*Task objective*.
With every picture left out, restate the listing below exactly as written.

*Task inputs*.

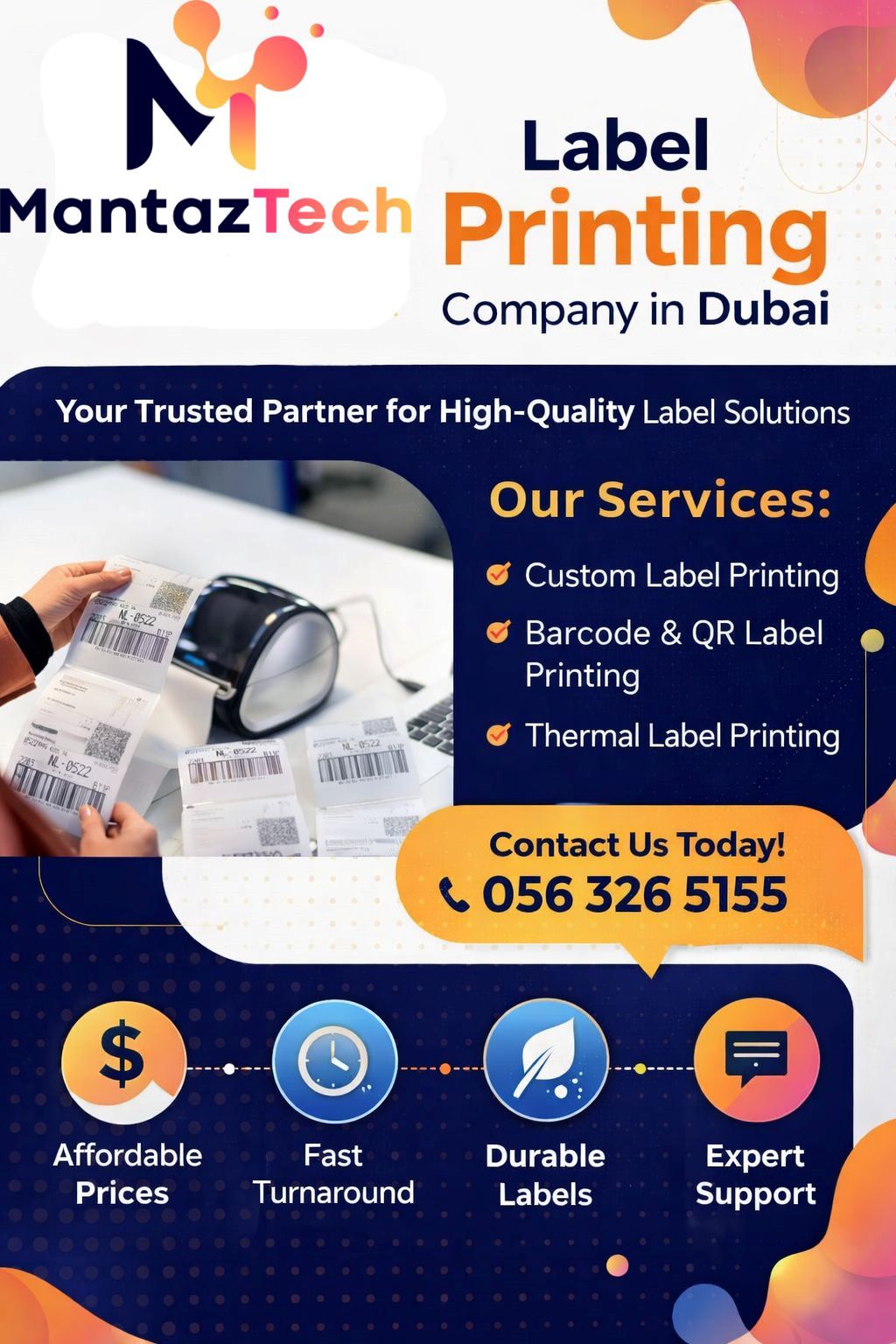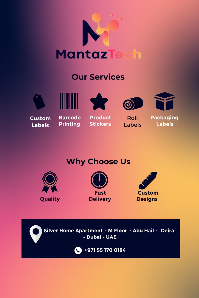Mantaz Technologies LLC is a trusted barcode labels supplier UAE, delivering high-quality labeling solutions for businesses across retail, logistics, warehousing, and manufacturing sectors. The company provides durable and customizable barcode labels designed to improve product identification, inventory control, and operational efficiency. With reliable materials and precision printing compatibility, these labels support smooth scanning and accurate tracking in daily business operations. Mantaz Technologies LLC focuses on providing dependable barcode labeling solutions that help businesses streamline workflows, reduce errors, and maintain organized inventory systems throughout the UAE.
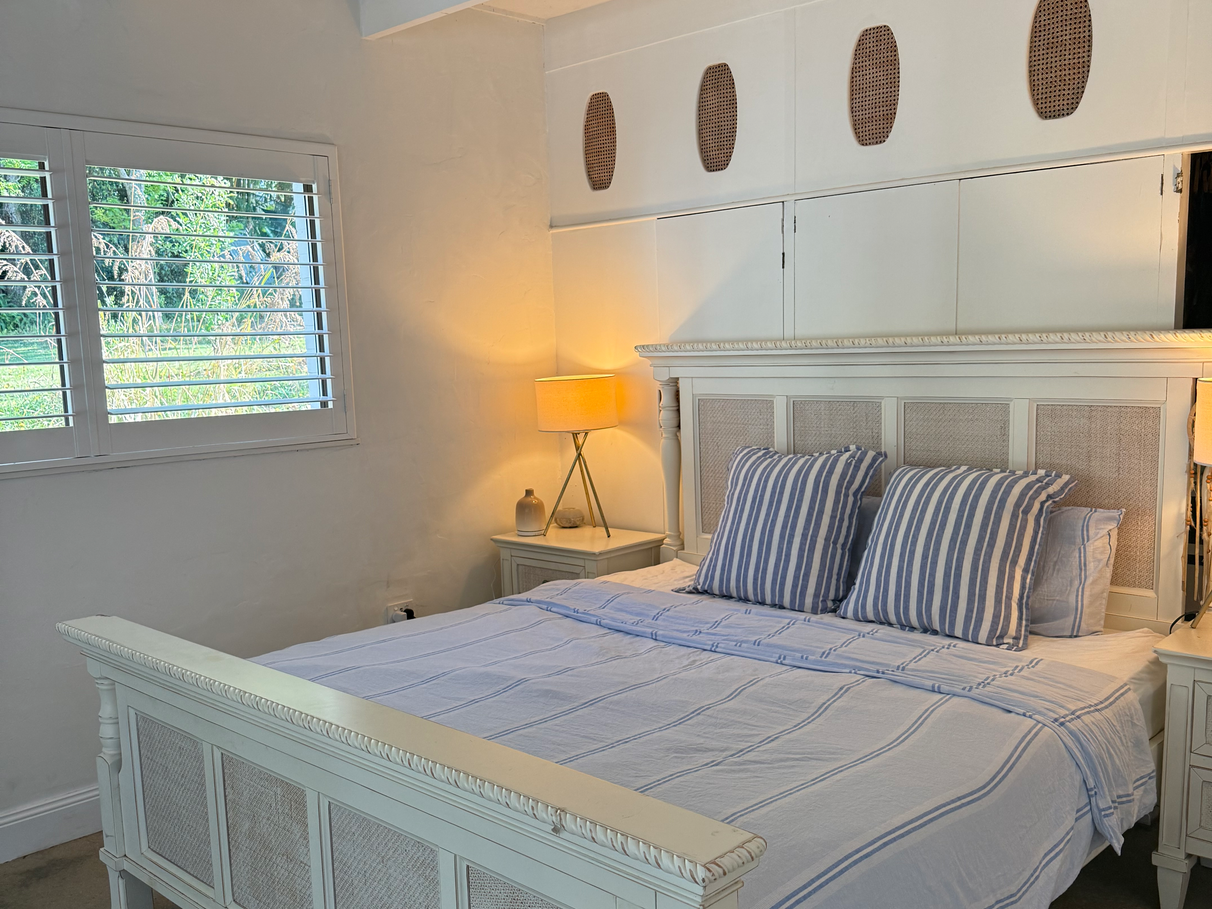 Master suite with built-in wardrobes, a safe, and an ensuite featuring a freestanding bath overlooking flame trees and kookaburras
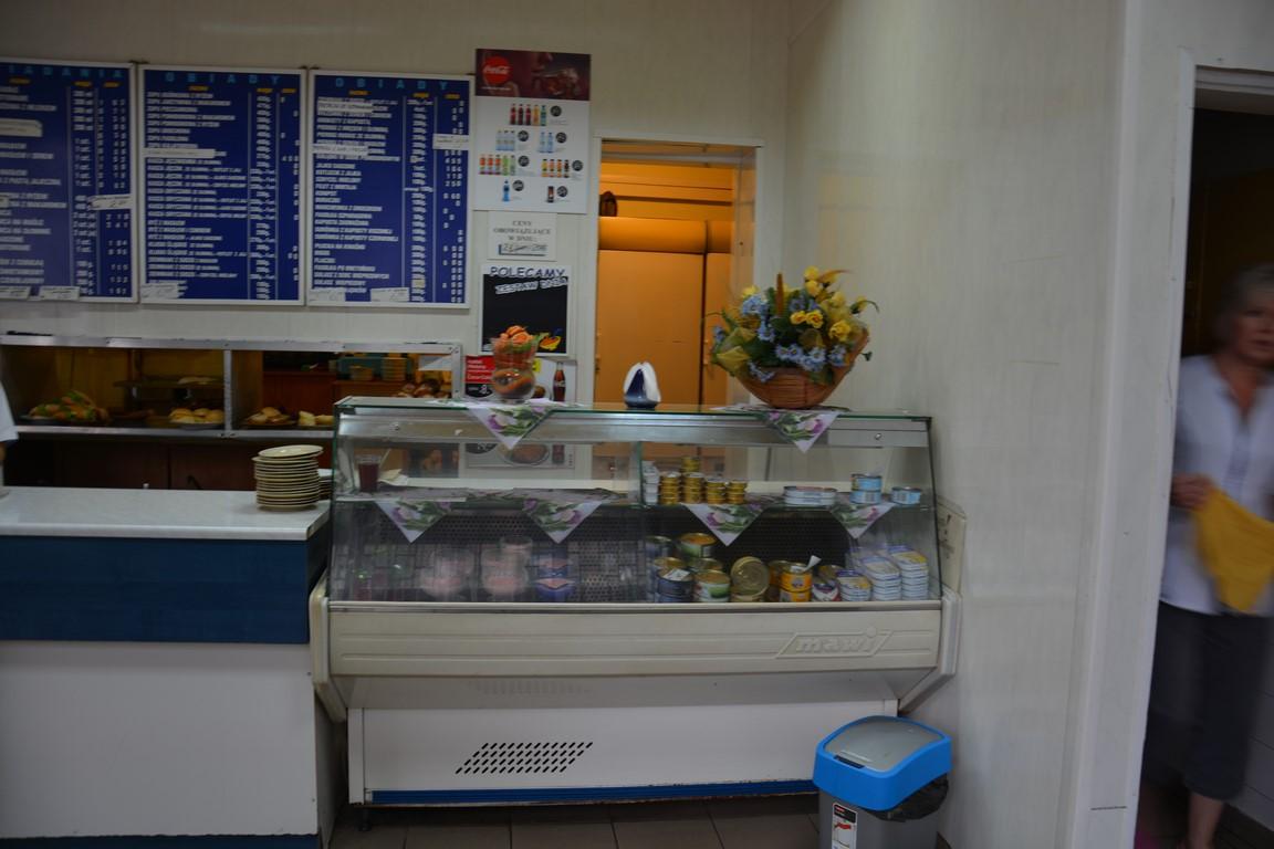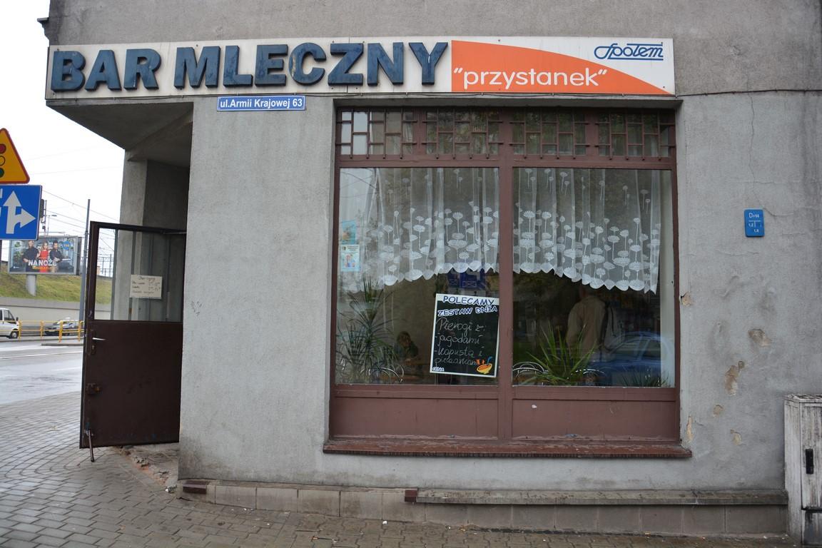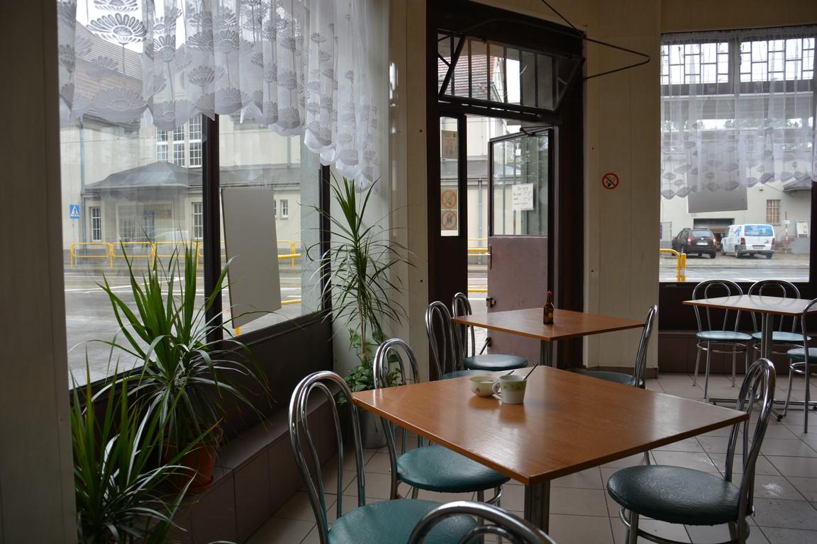 A milk bar is located on the ground floor of a tenement house in Chorzów, close to the Chorzów Batory railway station and the Sznajder confectionary. It is a spacious room. It consists of a dining space, trade area (where food is given out) and the back (kitchen), where dinners are prepared.
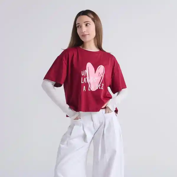 Camiseta Latidos - Vinotinto: Camiseta color vino tinto de cuello redondo, hombro caído y manga corta. Cuenta con arte en el delantero. Composición: 100% algodón. Cuidados: Leer la etiqueta de cuidados antes de lavar.
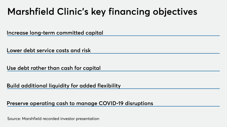 Wisconsin-based Marshfield Clinic Health System Inc. heads into the market as soon as Tuesday with a nearly $500 million new money and refunding issue that will restructure debt, fund acquisitions, and provide a cushion to manage through the COVID-19 pandemic’s wounds.
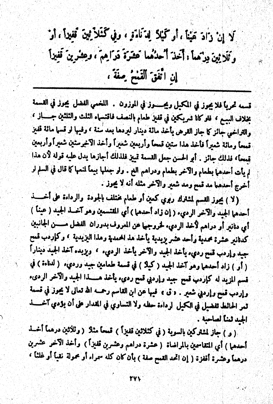(لَا) يَجُوزُ الْقَسْمُ لِمُشْتَرَكٍ رِبَوِيٍّ كَعَيْنٍ أَوْ طَعَامٍ مُخْتَلِفٍ بِالْجَوْدَةِ وَالرَّدَاءَةِ عَلَى أَخْذِ أَحَدِهِمَا الْجَيِّدَ وَالْآخَرِ الرَّدِيءَ (إنْ زَادَ أَحَدُهُمَا) أَيْ الْمُقْسِمِينَ وَهُوَ آخِذُ الْجَيِّدِ (عَيْنًا) أَيْ دَنَانِيرَ أَوْ دَرَاهِمَ لِأَخْذِ الرَّدِيءِ لِخُرُوجِهِمَا عَنْ الْمَعْرُوفِ بِدَوَرَانِ الْفَضْلِ مِنْ الْجَانِبَيْنِ كَدَنَانِيرَ عَشَرَةٍ مُحَمَّدِيَّةٍ وَأَحَدَ عَشَرَ يَزِيدِيَّةً يَأْخُذُ هَذَا الْمُحَمَّدِيَّةَ وَهَذَا الْيَزِيدِيَّةَ، وَكَإِرْدَبِّ قَمْحٍ جَيِّدٍ وَإِرْدَبِّ قَمْحٍ رَدِيءٍ يَأْخُذُ الْجَيِّدَ وَالْآخَرُ يَأْخُذُ الرَّدِيءَ، وَيَزِيدُهُ آخِذُ الْجَيِّدِ دِينَارًا (أَوْ) زَادَ أَحَدُهُمَا وَهُوَ آخِذُ الْجَيِّدِ (كَيْلًا) فِي قِسْمَةِ طَعَامَيْنِ جَيِّدٍ وَرَدِيءٍ (لِدَنَاءَةٍ) فِي قَسْمِ الْمَزِيدِ لَهُ كَإِرْدَبِّ قَمْحٍ جَيِّدٍ وَإِرْدَبَّيْ قَمْحٍ رَدِيءٍ يَأْخُذُ هَذَا الْجَيِّدَ وَالْآخَرُ الرَّدِيءَ وَإِرْدَبِّ قَمْحٍ وَإِرْدَبَّيْ شَعِيرٍ. " ق " فِيهَا عَنْ ابْنِ الْقَاسِمِ - رَحِمَهُ اللَّهُ تَعَالَى - لَا يَجُوزُ فِي قِسْمَةِ ثَمَرِ الْحَائِطِ تَفْضِيلٌ فِي الْكَيْلِ لِرَدَاءَةِ حَظِّهِ وَلَا التَّسَاوِي فِي الْمِقْدَارِ عَلَى أَنْ يُؤَدِّيَ آخِذُ الْجَيِّدِ ثَمَنًا لِصَاحِبِهِ.
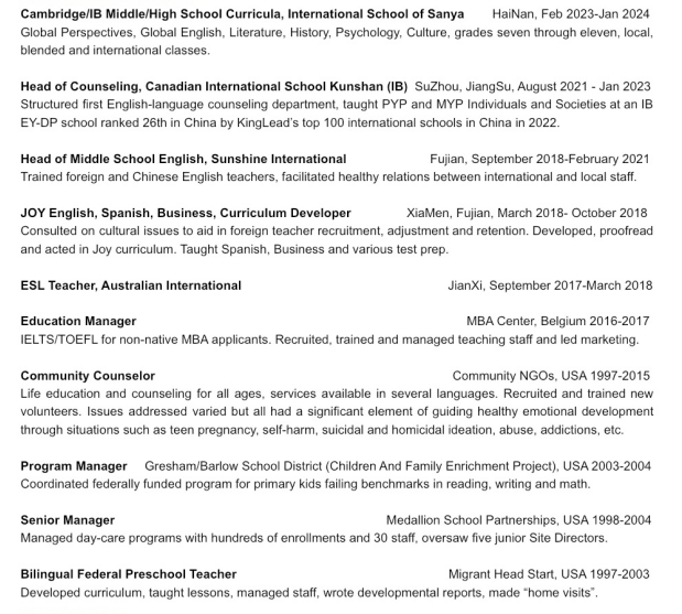國籍: 美國 求職意向: 教師
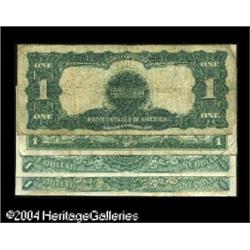 Four Assorted Large Size Type Notes Fr. 36 $1 1917 Lega <B>Four Assorted Large Size Type Notes.</B></I> Fr. 36 $1 1917 Legal Tender (2), both VF with stains and mounting remnants on the back; Fr. 237 $1 1923 Silver Certificate VG; Fr. 228 $1 1899 Silver Certificate VG, corner missing.<BR><I>Inspection is advised, as there will be no returns on this lot for any reason.</B></I><BR> 4 notes <BR><BR><B>Important notice:</B> Heritage usually auctions material at the rate of 200-250 lots per hour. On some occasions eBay Live bid software or the Internet may not be able to keep up with the pace of the auction. We recommend placing a realistic absentee bid now as insurance to avoid disappointment. Occasionally the auctioneer may eliminate or reject an eBay Live bid, and the auctioneer may also reopen a lot after the close of the eBay live bidding (usually because we missed an audience bid), and may reject your bid even if it shows you as the winning bidder. By bidding via eBay Live, you agree that Heritage may award the lot to another bidder at its sole discretion under the circumstances described above or any other reasonable circumstances. Since eBay bids are not shown to us until we open the lot on the floor, we treat those bids just like floor bids. In most cases the floor responds before the eBay bid is presented to us, due to Internet lag time, so for consistency we have made it a policy that floor bids are always considered first over tie eBay live bids. Also please note that all Heritage lots purchased through eBay Live carry a 20% Buyer's Premium. Please make sure you read the Terms and Conditions before you bid. This lot is being auctioned in conjunction with a live floor auction by Heritage Galleries & Auctioneers. All final auction and invoice information will be supplied by Heritage Galleries & Auctioneers, and all other information should be considered preliminary. Lot:17914

*Exercise answer*.
Mantaz Technologies LLC is a trusted barcode labels supplier UAE, delivering high-quality labeling solutions for businesses across retail, logistics, warehousing, and manufacturing sectors. The company provides durable and customizable barcode labels designed to improve product identification, inventory control, and operational efficiency. With reliable materials and precision printing compatibility, these labels support smooth scanning and accurate tracking in daily business operations. Mantaz Technologies LLC focuses on providing dependable barcode labeling solutions that help businesses streamline workflows, reduce errors, and maintain organized inventory systems throughout the UAE.
 Master suite with built-in wardrobes, a safe, and an ensuite featuring a freestanding bath overlooking flame trees and kookaburras
 A milk bar is located on the ground floor of a tenement house in Chorzów, close to the Chorzów Batory railway station and the Sznajder confectionary. It is a spacious room. It consists of a dining space, trade area (where food is given out) and the back (kitchen), where dinners are prepared.
 Camiseta Latidos - Vinotinto: Camiseta color vino tinto de cuello redondo, hombro caído y manga corta. Cuenta con arte en el delantero. Composición: 100% algodón. Cuidados: Leer la etiqueta de cuidados antes de lavar.
 Wisconsin-based Marshfield Clinic Health System Inc. heads into the market as soon as Tuesday with a nearly $500 million new money and refunding issue that will restructure debt, fund acquisitions, and provide a cushion to manage through the COVID-19 pandemic’s wounds.
(لَا) يَجُوزُ الْقَسْمُ لِمُشْتَرَكٍ رِبَوِيٍّ كَعَيْنٍ أَوْ طَعَامٍ مُخْتَلِفٍ بِالْجَوْدَةِ وَالرَّدَاءَةِ عَلَى أَخْذِ أَحَدِهِمَا الْجَيِّدَ وَالْآخَرِ الرَّدِيءَ (إنْ زَادَ أَحَدُهُمَا) أَيْ الْمُقْسِمِينَ وَهُوَ آخِذُ الْجَيِّدِ (عَيْنًا) أَيْ دَنَانِيرَ أَوْ دَرَاهِمَ لِأَخْذِ الرَّدِيءِ لِخُرُوجِهِمَا عَنْ الْمَعْرُوفِ بِدَوَرَانِ الْفَضْلِ مِنْ الْجَانِبَيْنِ كَدَنَانِيرَ عَشَرَةٍ مُحَمَّدِيَّةٍ وَأَحَدَ عَشَرَ يَزِيدِيَّةً يَأْخُذُ هَذَا الْمُحَمَّدِيَّةَ وَهَذَا الْيَزِيدِيَّةَ، وَكَإِرْدَبِّ قَمْحٍ جَيِّدٍ وَإِرْدَبِّ قَمْحٍ رَدِيءٍ يَأْخُذُ الْجَيِّدَ وَالْآخَرُ يَأْخُذُ الرَّدِيءَ، وَيَزِيدُهُ آخِذُ الْجَيِّدِ دِينَارًا (أَوْ) زَادَ أَحَدُهُمَا وَهُوَ آخِذُ الْجَيِّدِ (كَيْلًا) فِي قِسْمَةِ طَعَامَيْنِ جَيِّدٍ وَرَدِيءٍ (لِدَنَاءَةٍ) فِي قَسْمِ الْمَزِيدِ لَهُ كَإِرْدَبِّ قَمْحٍ جَيِّدٍ وَإِرْدَبَّيْ قَمْحٍ رَدِيءٍ يَأْخُذُ هَذَا الْجَيِّدَ وَالْآخَرُ الرَّدِيءَ وَإِرْدَبِّ قَمْحٍ وَإِرْدَبَّيْ شَعِيرٍ. " ق " فِيهَا عَنْ ابْنِ الْقَاسِمِ - رَحِمَهُ اللَّهُ تَعَالَى - لَا يَجُوزُ فِي قِسْمَةِ ثَمَرِ الْحَائِطِ تَفْضِيلٌ فِي الْكَيْلِ لِرَدَاءَةِ حَظِّهِ وَلَا التَّسَاوِي فِي الْمِقْدَارِ عَلَى أَنْ يُؤَدِّيَ آخِذُ الْجَيِّدِ ثَمَنًا لِصَاحِبِهِ.
國籍: 美國 求職意向: 教師
 Four Assorted Large Size Type Notes Fr. 36 $1 1917 Lega <B>Four Assorted Large Size Type Notes.</B></I> Fr. 36 $1 1917 Legal Tender (2), both VF with stains and mounting remnants on the back; Fr. 237 $1 1923 Silver Certificate VG; Fr. 228 $1 1899 Silver Certificate VG, corner missing.<BR><I>Inspection is advised, as there will be no returns on this lot for any reason.</B></I><BR> 4 notes <BR><BR><B>Important notice:</B> Heritage usually auctions material at the rate of 200-250 lots per hour. On some occasions eBay Live bid software or the Internet may not be able to keep up with the pace of the auction. We recommend placing a realistic absentee bid now as insurance to avoid disappointment. Occasionally the auctioneer may eliminate or reject an eBay Live bid, and the auctioneer may also reopen a lot after the close of the eBay live bidding (usually because we missed an audience bid), and may reject your bid even if it shows you as the winning bidder. By bidding via eBay Live, you agree that Heritage may award the lot to another bidder at its sole discretion under the circumstances described above or any other reasonable circumstances. Since eBay bids are not shown to us until we open the lot on the floor, we treat those bids just like floor bids. In most cases the floor responds before the eBay bid is presented to us, due to Internet lag time, so for consistency we have made it a policy that floor bids are always considered first over tie eBay live bids. Also please note that all Heritage lots purchased through eBay Live carry a 20% Buyer's Premium. Please make sure you read the Terms and Conditions before you bid. This lot is being auctioned in conjunction with a live floor auction by Heritage Galleries & Auctioneers. All final auction and invoice information will be supplied by Heritage Galleries & Auctioneers, and all other information should be considered preliminary. Lot:17914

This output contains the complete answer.